Records request from Kasper could have cost nearly $440,000, required half-million papers
BISMARCK – A broad-ranging open records request by state Rep. Jim Kasper would have required gathering a half-million documents and cost $437,411 if the lawmaker had followed through, according to estimates by the Department of Public Instruction.
In addition, the Fargo Republican made an unusual request by email Jan. 24, calling on DPI spokesman Dale Wetzel to carbon-copy Kasper on all emails to and from lawmakers and other officials about North Dakota’s version of Common Core education standards. A few days later, Kasper dropped his request.
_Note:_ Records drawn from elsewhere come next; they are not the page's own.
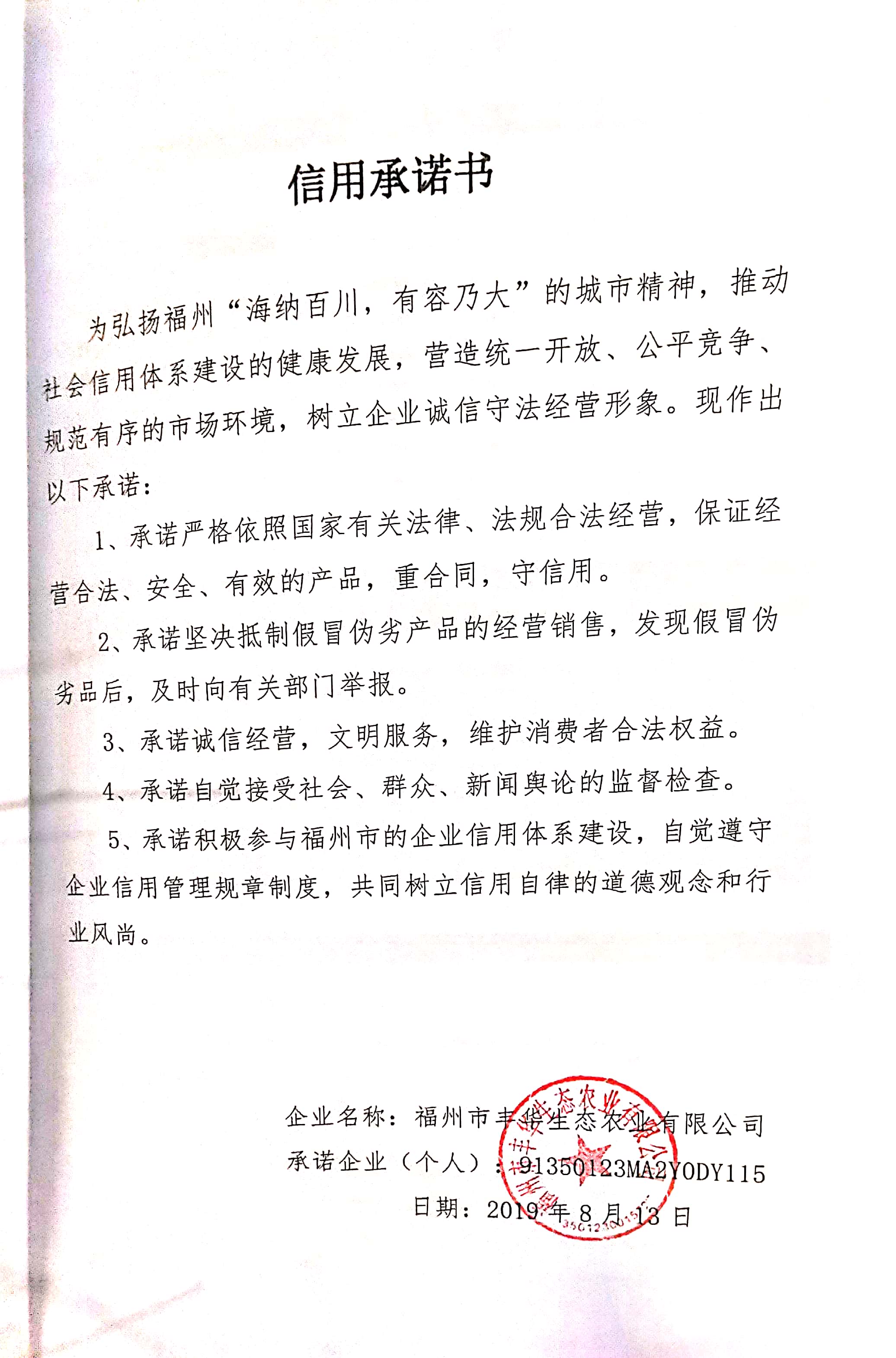 福州市丰华生态农业有限公司信用承诺书
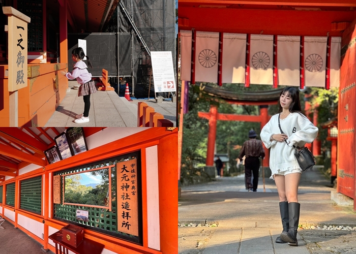 | 第一眼看到八幡宮的總本社感覺就是也太雄偉了吧,不愧是宇佐神宮,全日本4萬4千間八幡宮的總本社,太有氣勢了,加上當天的天氣很好,簡直是第一眼就愛上這美麗又雄偉的宇佐神宮,當天即使是平日,但是來參拜的人潮還是一批接著一批,宇佐神宮參拜的很多習俗跟一般日本神社不一樣,例如拍掌要拍四下而不是三下等都是為了更加敬重這宇佐神宮崇高的地位。 |
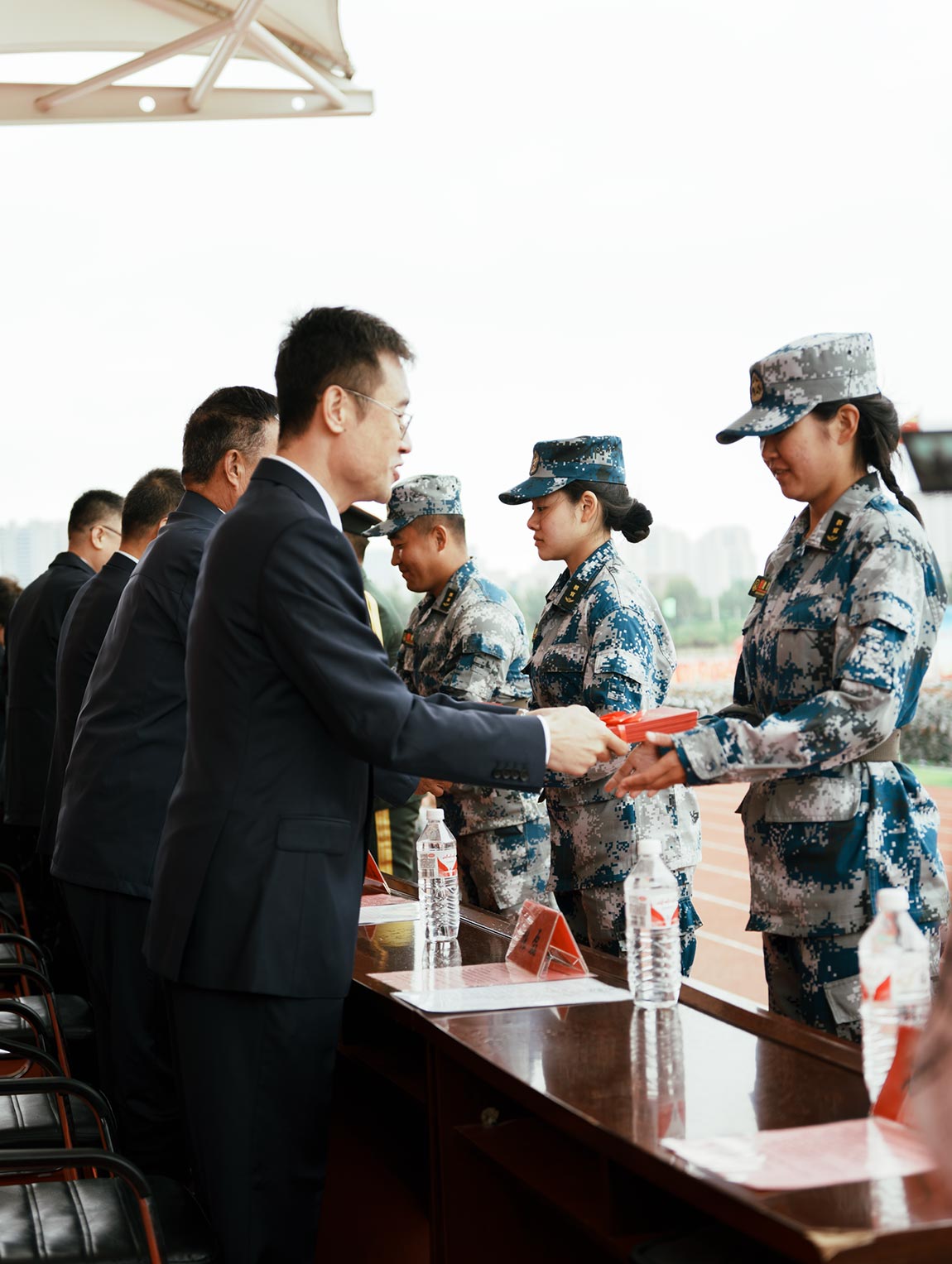 校领导袁德成、张丽影、王鸿鹏、郭秀丽、张磊、肖士中分别宣读关于表彰2024年学生军训优胜营、先进连队、优秀教官、内务卫生优秀寝室、内务卫生优秀个人的决定。随后,校领导为获奖集体和个人颁奖。
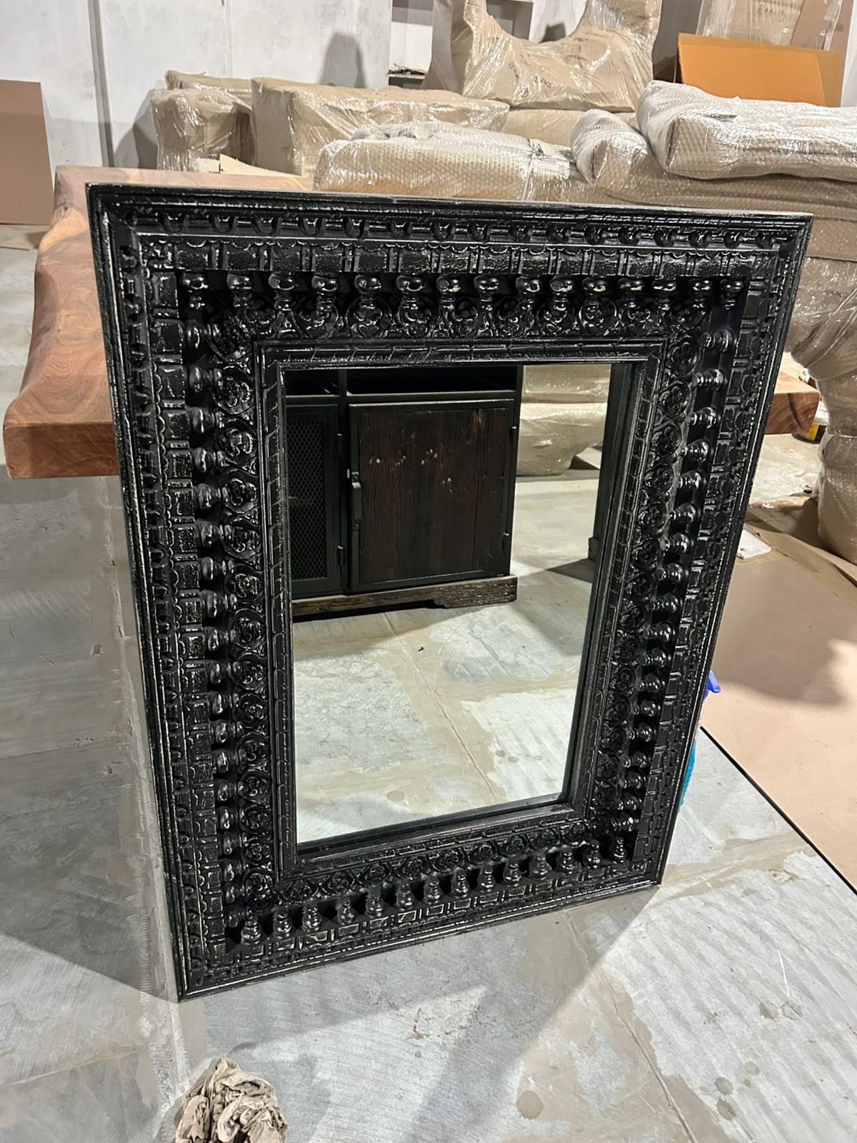 Miroir rectangulaire sculpté main en bois de manguier. Provenance Inde – AZUR
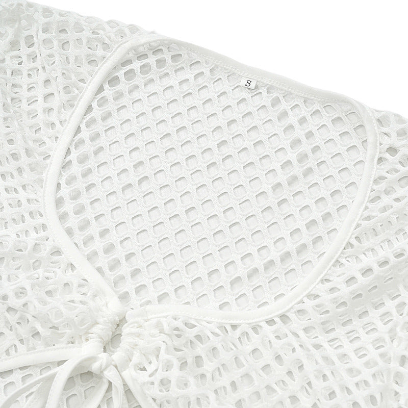 Lace Mesh Long Sleeve Narrow Casual Knitted Maxi Dress Suit
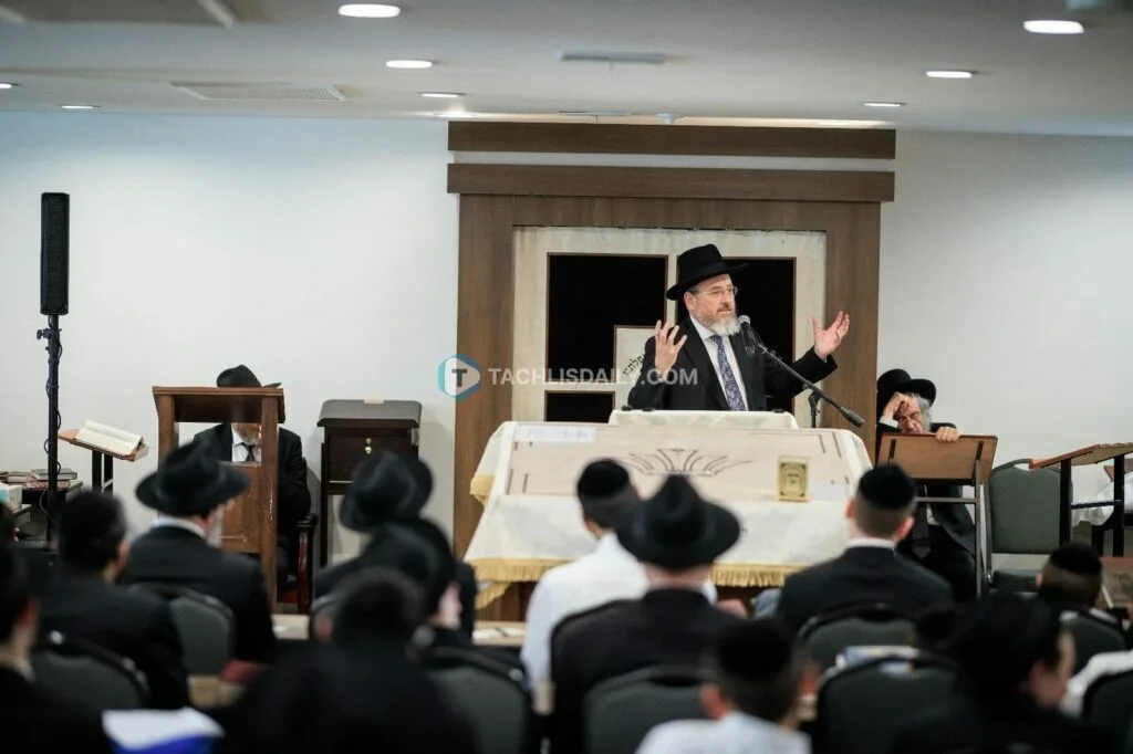 Following the event, Harav Dovid Cohen shlit”a, Rosh Yeshivas Chevron, traveled to Lawrence where he delivered an emotional address at the beis medrash of Rav Katzenstein, greeted by a large crowd of local kehilla members eager to hear divrei chizuk.
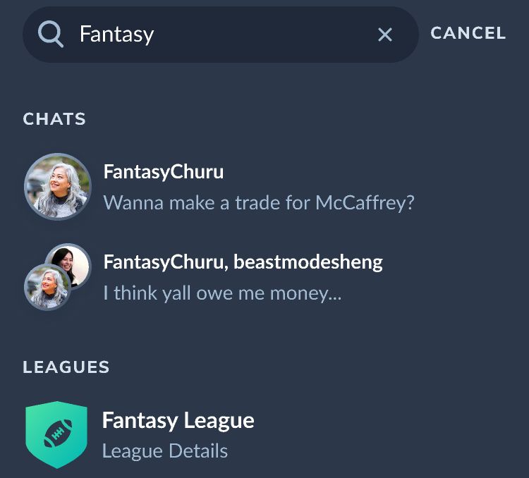 Below, we searched "Fantasy" and it brought up the most relevant users and leagues that included that word.

The open records cost estimate and Kasper’s emails to DPI officials were obtained by The Forum in an open records request.The cost estimate was found in a Jan. 23 email answering a request for information by Sen. Tim Flakoll, R-Fargo, seeking the itemized cost estimates gathered by DPI for Kasper’s records requests made from Dec. 15, 2014, to Jan. 14. They are:
- $284,550 for professional fees to redact about 500,000 sheets of paper or documents at $56.91 per hour.
- $28,861 for 700 hours of search time by DPI employees at an average salary (with benefits) of $41.23.
- $95,250 to provide about 381,000 copies of electronic documents at 25 cents per page.
- $28,750 for about 115,000 paper copies at 25 cents per sheet.
Flakoll is chief sponsor of Senate Bill 2222, which would end anonymous open records requests by lawmakers, and put a $5,000 cap in a biennium on information requests lawmakers could make without being charged. After that, lawmakers would have to call on legislative management to have the Legislative Council seek the information without cost.
‘It’s news to me’
Kasper said Friday that the price tag on his original DPI requests hadn’t been shared with him.
“It’s news to me. I hadn’t heard a dollar amount,” he said. “They indicated it would be quite costly and quite time-consuming.”
Kasper said cost worries brought up by DPI officials got him to agree to withdraw the records requests in return for getting more specific requests for information filled.
“I certainly don’t have any intention of having any agency spend that kind of money,” he said. “But at the same token, we have the right to get information from agencies that are important.”
Kasper, R-Fargo, in December made a number of sweeping open records requests to Superintendent of Public Instruction Kirsten Baesler and Wetzel for information on the state’s development of its version of Common Core K-12 education standards.
Kasper, an avowed opponent of Common Core, calls it an attempt by the federal government and the Obama administration to control North Dakota’s education system and gather private data.
A Dec. 17 email from Kasper to Baesler included 26 separate open records requests seeking all communications between private, federal and state entities and DPI starting in most cases on Jan 1, 2009, through Dec. 17 – nearly six years.
Flakoll said the price tag that could have been laid at taxpayers’ feet for Kasper’s original request “provides good evidence why (SB 2222) is so important.”
Flakoll said such mammoth requests hamper agencies’ abilities to get their work done. Plus, requests are just “broad fishing expeditions,” he said.
In this case, Flakoll said it would take one person about six years to read all of the material.
In the Jan. 24 email to Wetzel, Kasper started by asking to receive a copy of a weekly bill report compiled by Wetzel and shared with other lawmakers. Then, Kasper continued:
“Additionally, anytime you email to any Legislator regarding HB1451 – the Common Core bill, this email is to serve as an open records request that I receive copies of those emails.
“Additionally, please use this email as an open records request that you provide me copies of all of your email correspondence from you and to you, since January 1, 2015, regarding the general topic of Common Core and the particular topic of HB1461. This open records request pertains to all email correspondence between you and any and all Legislators, as well as emails between you and all other state employees and officials, including the Department of Public Instruction employees and Kirsten Baesler, and any other person or entity.”
A follow-up email from Kasper sent to Addy Schmaltz (DPI’s human resources manager) and carbon-copied to Wetzel on Jan. 27 then modifies the Jan. 24 request, calling for the withdrawal of both of the paragraphs.
“As I thought about it, I thought it was maybe a little bit unreasonable, and I withdrew it,” Kasper said.
Jack McDonald, the attorney for the North Dakota Newspaper Association, said he’d never seen a records request like it.
McDonald said the way the law is structured, Kasper can ask for emails and other documents after they’ve been received or sent, but “he doesn’t have a right to be cc’ed on stuff.”
The problem is that the emails could contain confidential information, such as student information or Social Security numbers, that must be redacted before the records request can be satisfied, McDonald said.
“Our open records law is an access law. You have the right to request items, but not have them sent to you as they are sent out,” McDonald said.